▶ [YOUR ASSIGNMENT] Your task is to return all the entries below exactly, with every picture omitted.
___ DATA EXTRACT ___
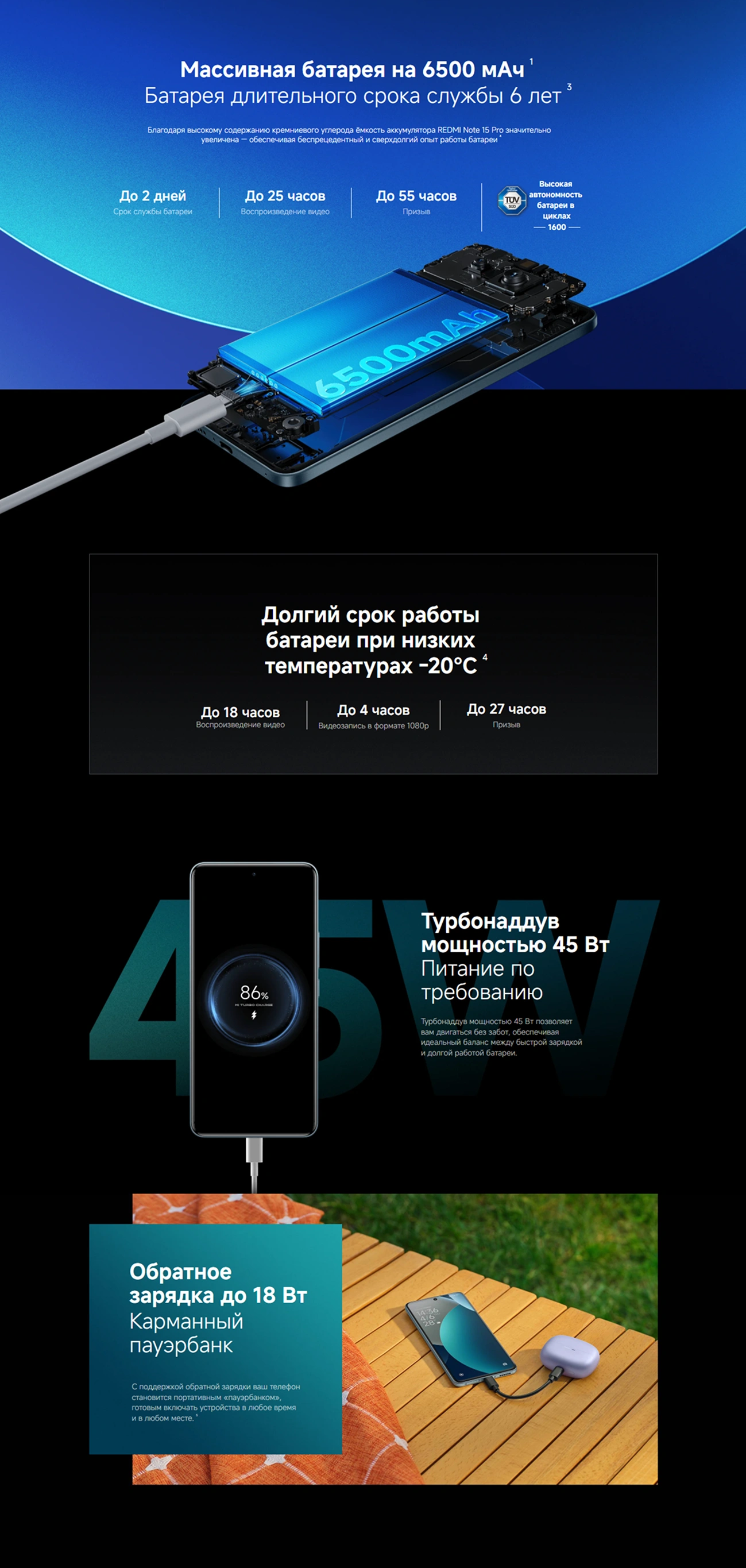 - Аккумулятор 6500 мА·ч — ещё больше автономности, до двух дней активного использования
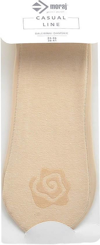 Balerinki damskie marki Moraj: - bardzo dobrze chronią przed otarciami - nie wystają z obuwia - silikon na zapiętce - wykonane z miękkiej wysokogatunkowej bawełny - materiał łatwo przepuszczający powietrze - skład: - góra: - 65% poliamid - 35% elastan - dół: - 95% bawełna - 5% elastan
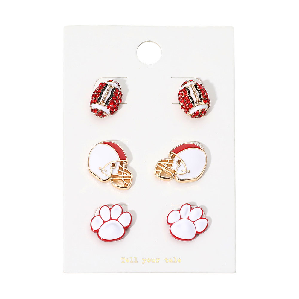 3Pairs - Game Day Spirit Ball Helmet Paw Stud Earring Set
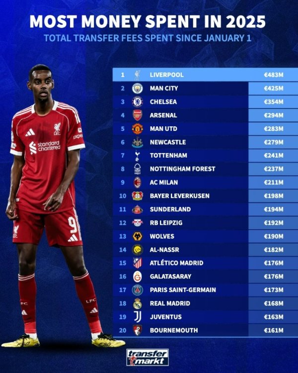 2025年俱乐部转会费支出榜:利物浦4.83亿欧居首,前8均来自英超直播足球直播网 10月25日讯 德转盘点了足坛俱乐部在2025年转会支出榜单(自今年1月1日),其中利物浦居首,具体榜单如下: 1、利物浦 4.83亿欧 2、曼城 4.25亿欧 3、切尔西 3.54亿欧 4、阿森纳 2.94亿欧 5、曼联 2.83亿欧 6、纽卡 2.79亿欧 7、热刺 2.41亿欧 8、诺丁汉森林 2.37亿欧
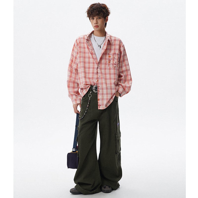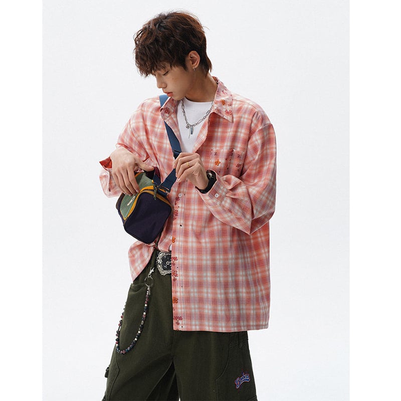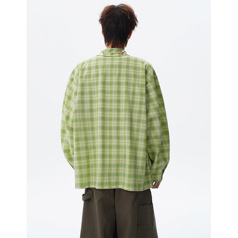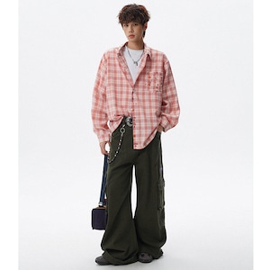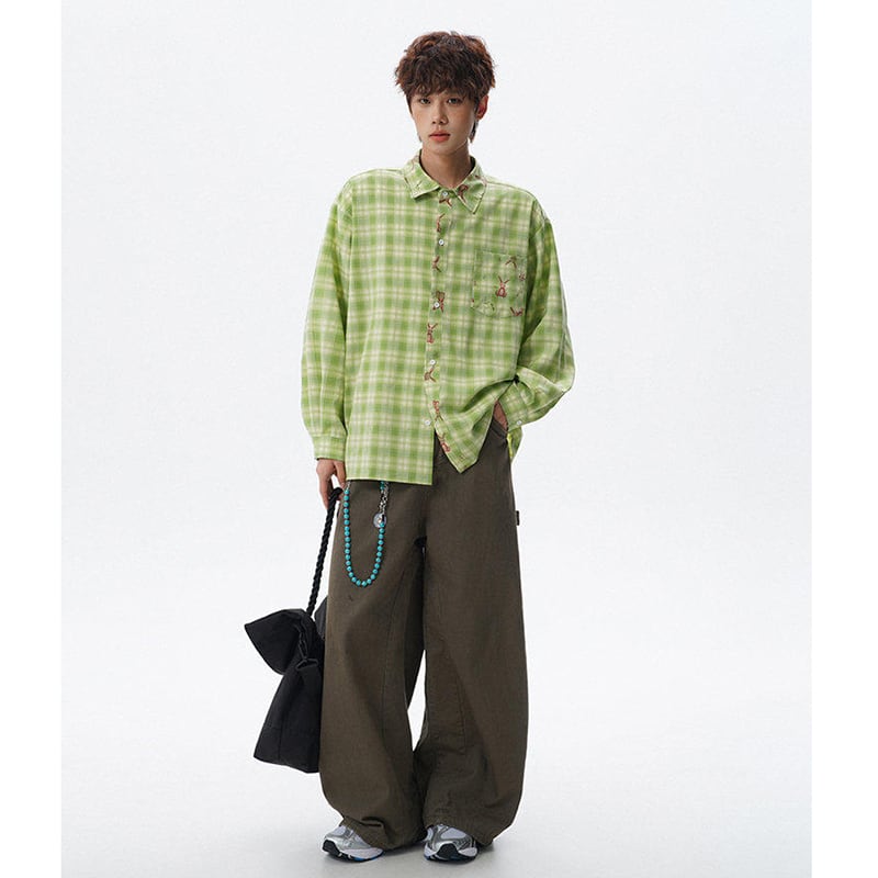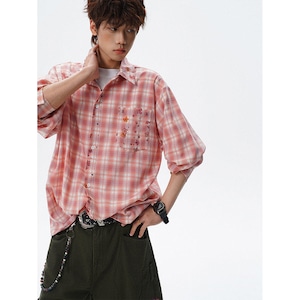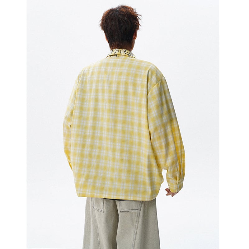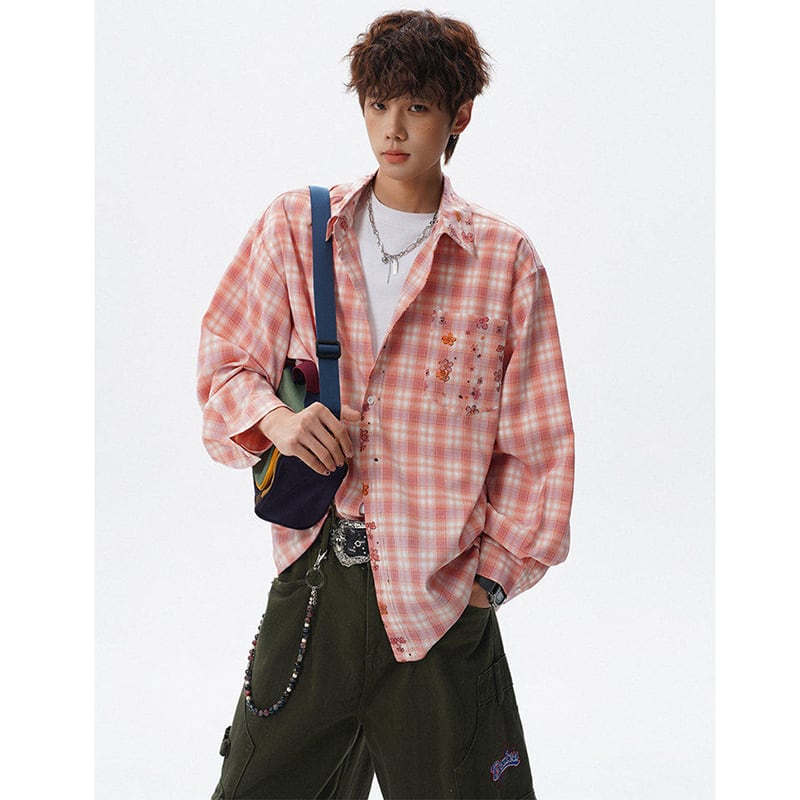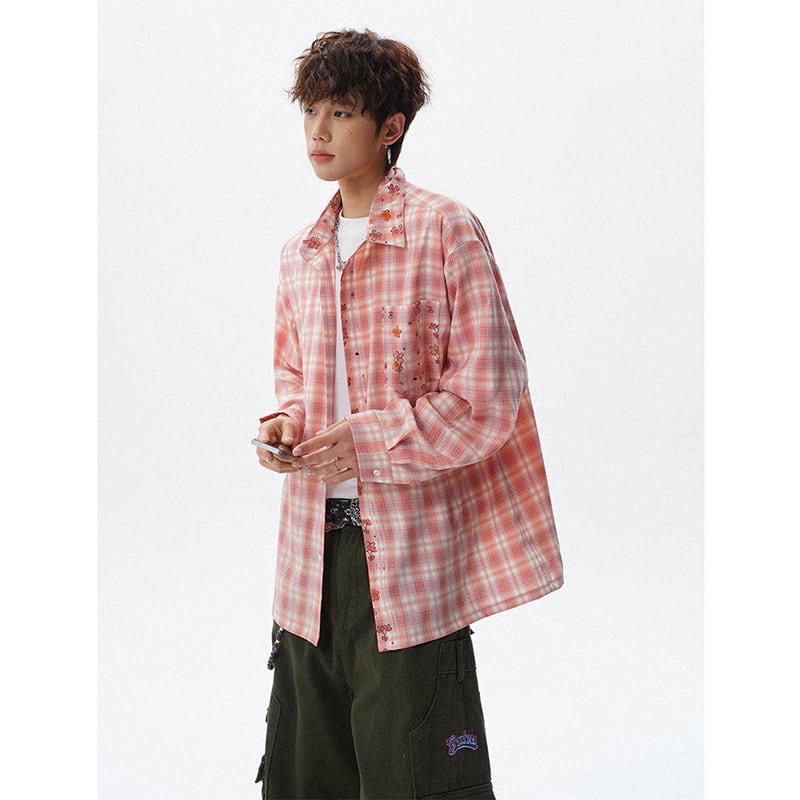 ♥チェック柄猫柄シャツ!【V37シリーズ】★シャツ★ 3color トップス ユニセックス 大きいサイズ 長袖 チェック柄
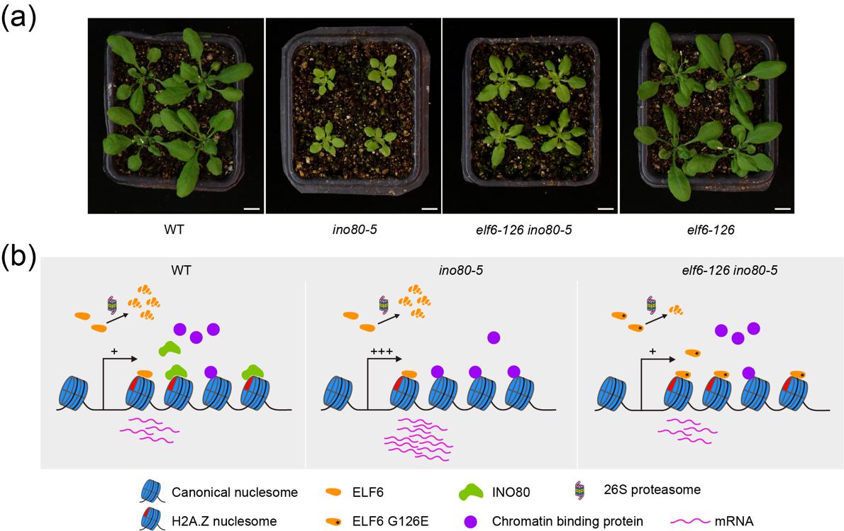苏伟副研究员与董爱武教授团队在New Phytologist期刊在线发表了题为“ELF6 mutation suppresses the dwarf phenotype of Arabidopsis ino80 mutant by modulating cell cycle progression”的研究论文,揭示了ELF6作为INO80的上游调控因子,通过调控细胞周期相关基因的染色质状态和表达水平,有效回复了INO80缺失所导致的生长缺陷,为深入理解植物表观遗传调控机制提供了新的视角。
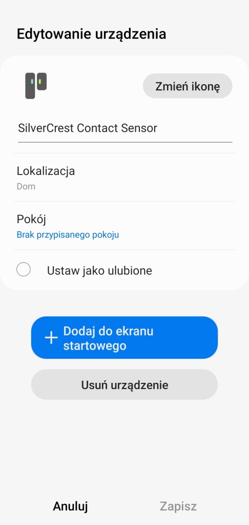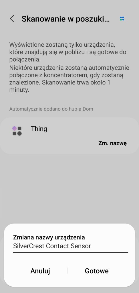 Z racji tego, że urządzenie nie jest oficjalnie wspierane. Dodanie do ekosystemu do prostych nie należy. Początkowo działamy zgodnie z informacjami w aplikacji SmartThings. Klikamy w aplikacji Dodaj ( + ), w prawym górnym rogu ekranu. Następnie Urządzenie, ponieważ nie mamy wyszczególnionej marki SILVERCREST w aplikacji SmartThings, skorzystamy z opcji skanowania w poszukiwaniu urządzeń w pobliżu, klikamy Skanuj w tej sekcji. Po chwili cierpliwości (do około 2 minut), nasz sensor zostanie automatycznie dodany do ekosystemu. Możemy teraz zmienić jego nazwę, my nadaliśmy mu nazwę „SilverCrest Centact Sensor”, klikamy Gotowe. Czujnik pojawi się w sekcji „Brak przypisanego pokoju”. Niestety jak możecie zauważyć na ostatnim screenie, nie prawidłowo został mu przypisany sterownik urządzenia, jeśli pojawi się taka sytuacja, skorzystaj z instrukcji poniżej.
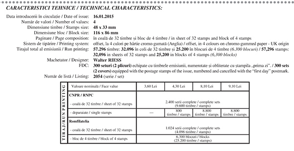 Toate aceste caracteristici şi multe alte curiozităţi se regăsesc în pliantul informativ care oferă mai multe detalii şi însoţeşte cele 4 timbre ale emisiunii filatelice.
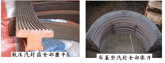 2003年5月31日该机由于润滑油管路断油,1~10#瓦全部烧毁(见大唐集团公司安生部2003年6月5 日事故快报)。事故导致低压缸全部传统汽封齿磨平,高中低压缸的叶顶汽封严重磨损,低压转子、电机转子有不同程度的弯曲和裂纹。由于高中压缸采用的是布莱登汽封,汽封能够在事故始发瞬间张开,从而避免了与转子碰磨,不仅高中压汽封没有任何磨损,无须更换任何一块汽封,而高中压转子更没有弯曲和损伤,避免了事故进一步扩大化。高中压缸布莱登汽封所具有的这种被动安全特性与低压缸传统汽封形成了鲜明的对比。
___
▶ [FINISHED TASK]
 - Аккумулятор 6500 мА·ч — ещё больше автономности, до двух дней активного использования
 Balerinki damskie marki Moraj: - bardzo dobrze chronią przed otarciami - nie wystają z obuwia - silikon na zapiętce - wykonane z miękkiej wysokogatunkowej bawełny - materiał łatwo przepuszczający powietrze - skład: - góra: - 65% poliamid - 35% elastan - dół: - 95% bawełna - 5% elastan
 3Pairs - Game Day Spirit Ball Helmet Paw Stud Earring Set
 2025年俱乐部转会费支出榜:利物浦4.83亿欧居首,前8均来自英超直播足球直播网 10月25日讯 德转盘点了足坛俱乐部在2025年转会支出榜单(自今年1月1日),其中利物浦居首,具体榜单如下: 1、利物浦 4.83亿欧 2、曼城 4.25亿欧 3、切尔西 3.54亿欧 4、阿森纳 2.94亿欧 5、曼联 2.83亿欧 6、纽卡 2.79亿欧 7、热刺 2.41亿欧 8、诺丁汉森林 2.37亿欧
 ♥チェック柄猫柄シャツ!【V37シリーズ】★シャツ★ 3color トップス ユニセックス 大きいサイズ 長袖 チェック柄
苏伟副研究员与董爱武教授团队在New Phytologist期刊在线发表了题为“ELF6 mutation suppresses the dwarf phenotype of Arabidopsis ino80 mutant by modulating cell cycle progression”的研究论文,揭示了ELF6作为INO80的上游调控因子,通过调控细胞周期相关基因的染色质状态和表达水平,有效回复了INO80缺失所导致的生长缺陷,为深入理解植物表观遗传调控机制提供了新的视角。
 Z racji tego, że urządzenie nie jest oficjalnie wspierane. Dodanie do ekosystemu do prostych nie należy. Początkowo działamy zgodnie z informacjami w aplikacji SmartThings. Klikamy w aplikacji Dodaj ( + ), w prawym górnym rogu ekranu. Następnie Urządzenie, ponieważ nie mamy wyszczególnionej marki SILVERCREST w aplikacji SmartThings, skorzystamy z opcji skanowania w poszukiwaniu urządzeń w pobliżu, klikamy Skanuj w tej sekcji. Po chwili cierpliwości (do około 2 minut), nasz sensor zostanie automatycznie dodany do ekosystemu. Możemy teraz zmienić jego nazwę, my nadaliśmy mu nazwę „SilverCrest Centact Sensor”, klikamy Gotowe. Czujnik pojawi się w sekcji „Brak przypisanego pokoju”. Niestety jak możecie zauważyć na ostatnim screenie, nie prawidłowo został mu przypisany sterownik urządzenia, jeśli pojawi się taka sytuacja, skorzystaj z instrukcji poniżej.
 Toate aceste caracteristici şi multe alte curiozităţi se regăsesc în pliantul informativ care oferă mai multe detalii şi însoţeşte cele 4 timbre ale emisiunii filatelice.
 2003年5月31日该机由于润滑油管路断油,1~10#瓦全部烧毁(见大唐集团公司安生部2003年6月5 日事故快报)。事故导致低压缸全部传统汽封齿磨平,高中低压缸的叶顶汽封严重磨损,低压转子、电机转子有不同程度的弯曲和裂纹。由于高中压缸采用的是布莱登汽封,汽封能够在事故始发瞬间张开,从而避免了与转子碰磨,不仅高中压汽封没有任何磨损,无须更换任何一块汽封,而高中压转子更没有弯曲和损伤,避免了事故进一步扩大化。高中压缸布莱登汽封所具有的这种被动安全特性与低压缸传统汽封形成了鲜明的对比。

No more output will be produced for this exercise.